Sunday, February 19, 2006

Theory of Networked Computation

I spent two days at the workshop organized by Joan Feigenbaum and Jennifer Rexford on the Theory of Networked Computation. The total intellect they had amassed in the workshop was awesome, and the meeting was purposeful. The purpose was discussing what are suitable research directions for theoretical computer scientists in the context of the effort within NSF to in my words, do the internet over from the scratch. Some of the topics that dominated were: how to embrace economic theories in the design of networks, how to embed security and privacy within network design, the role of massive data set computing within networks, how to address nodes in the new network and is there a nice problem of combined compact routing and addressing, is there a theory of networking akin to theory of computing with impossibility or hardness framework, and how to make networks auto-administer themselves. There were some heated networking-specific discussions: should one expose network state to endhosts, should there be autonomous systems, are ISPs making money. Of course, there was some lamenting about how networking community did not seem to know the best theory results, some chest-thumping that theory results (Ashish Goel and Bruce Maggs converged to: "all three p2p protocols were directly derived from algorithmicists' work") were being useful, some soulful calls for more attempt at making theory useful by interfacing with networking in practice. A factoid: Andrei Broder has the patent on CAPTCHAs!. Cool! Another factoid: How real world breaks CAPTCHAs.

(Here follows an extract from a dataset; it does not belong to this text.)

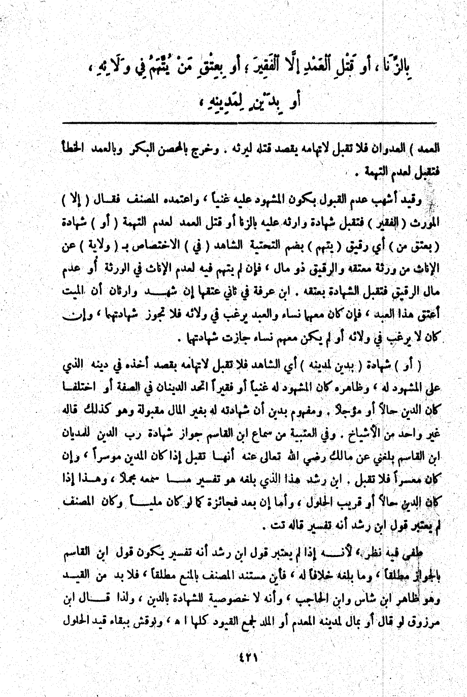 ـــــــــــــــــــــــــــــQالْعَمْدِ) الْعُدْوَانِ فَلَا تُقْبَلُ لِاتِّهَامِهِ بِقَصْدِ قَتْلِهِ لِيَرِثَهُ. وَخَرَجَ بِالْمُحْصَنِ الْبِكْرُ وَبِالْعَمْدِ الْخَطَأُ فَتُقْبَلُ لِعَدَمِ التُّهْمَةِ. وَقَيَّدَ أَشْهَبُ عَدَمَ الْقَبُولِ بِكَوْنِ الْمَشْهُودِ عَلَيْهِ غَنِيًّا وَاعْتَمَدَهُ الْمُصَنِّفُ فَقَالَ (إلَّا) الْمُوَرِّثَ (الْفَقِيرَ) فَتُقْبَلُ شَهَادَةُ وَارِثِهِ عَلَيْهِ بِالزِّنَا أَوْ قَتْلِ الْعَمْدِ لِعَدَمِ التُّهْمَةِ (أَوْ) شَهَادَةٌ (بِعِتْقِ مَنْ) أَيْ رَقِيقٍ (يُتَّهَمُ) بِضَمِّ التَّحْتِيَّةِ الشَّاهِدُ (فِي) الِاخْتِصَاصِ بِ (وَلَائِهِ) عَنْ الْإِنَاثِ مِنْ وَرَثَةِ مُعْتِقِهِ وَالرَّقِيقُ ذُو مَالٍ، فَإِنْ لَمْ يُتَّهَمْ فِيهَا لِعَدَمِ الْإِنَاثِ فِي الْوَرَثَةِ أَوْ عَدَمِ مَالِ الرَّقِيقِ فَتُقْبَلُ الشَّهَادَةُ بِعِتْقِهِ. ابْنُ عَرَفَةَ فِي ثَانِي عِتْقِهَا إنْ شَهِدَ وَارِثَانِ أَنَّ الْمَيِّتَ أَعْتَقَ هَذَا الْعَبْدَ، فَإِنْ كَانَ مَعَهُمَا نِسَاءٌ وَالْعَبْدُ يَرْغَبُ فِي وَلَائِهِ فَلَا تَجُوزُ شَهَادَتُهُمَا، وَإِنْ كَانَ لَا يَرْغَبُ فِي وَلَائِهِ أَوْ لَمْ يَكُنْ مَعَهُمْ نِسَاءٌ جَازَتْ شَهَادَتُهُمَا. (أَوْ) شَهَادَةٌ (بِدَيْنٍ لِمَدِينِهِ) أَيْ الشَّاهِدِ فَلَا تُقْبَلُ لِاتِّهَامِهِ بِقَصْدِ أَخْذِهِ فِي دَيْنِهِ الَّذِي عَلَى الْمَشْهُودِ لَهُ، وَظَاهِرُهُ كَانَ الْمَشْهُودُ لَهُ غَنِيًّا أَوْ فَقِيرًا اتَّحَدَ الدَّيْنَانِ فِي الصِّفَةِ أَوْ اخْتَلَفَا كَانَ الدَّيْنُ حَالًّا أَوْ مُؤَجَّلًا. وَمَفْهُومُ بِدَيْنٍ أَنَّ شَهَادَتَهُ لَهُ بِغَيْرِ الْمَالِ مَقْبُولَةٌ وَهُوَ كَذَلِكَ قَالَهُ غَيْرُ وَاحِدٍ مِنْ الْأَشْيَاخِ. وَفِي الْعُتْبِيَّةِ مِنْ سَمَاعِ ابْنِ الْقَاسِمِ جَوَازُ شَهَادَةِ رَبِّ الدَّيْنِ لِلْمَدِينِ ابْنُ الْقَاسِمِ بَلَغَنِي عَنْ مَالِكٍ - رَضِيَ اللَّهُ تَعَالَى عَنْهُ - أَنَّهَا تُقْبَلُ إذَا كَانَ الْمَدِينُ مُوسِرًا، وَإِنْ كَانَ مُعْسِرًا فَلَا تُقْبَلُ. ابْنُ رُشْدٍ هَذَا الَّذِي بَلَغَهُ هُوَ تَفْسِيرُ مَا سَمِعَهُ مُجْمَلًا، وَهَذَا إذَا كَانَ الدَّيْنُ حَالًّا أَوْ قَرِيبَ الْحُلُولِ، وَأَمَّا إنْ بَعُدَ فَجَائِزَةٌ كَمَا لَوْ كَانَ مَلِيًّا وَكَأَنَّ الْمُصَنِّفَ لَمْ يَعْتَبِرْ قَوْلَ ابْنِ رُشْدٍ أَنَّهُ تَفْسِيرٌ. قَالَهُ تت.

On theory vs applications, I tend to think there is a lot of good theory but there is less of good theory inspired by (or applicable to) real problems than theorists would like to believe. Most theoretical papers do not drill down deep (beyond the intro?) while making a case that their work/problem is crucial in an application. Personally, I like solving puzzles, so my heart is in theory, and at least in published work, I seem to think more theory than applications. Still, I got a referee report sometime ago for one of my papers that when paraphrased, said, "From Muthu, we expect more about applications for this result." Sigh.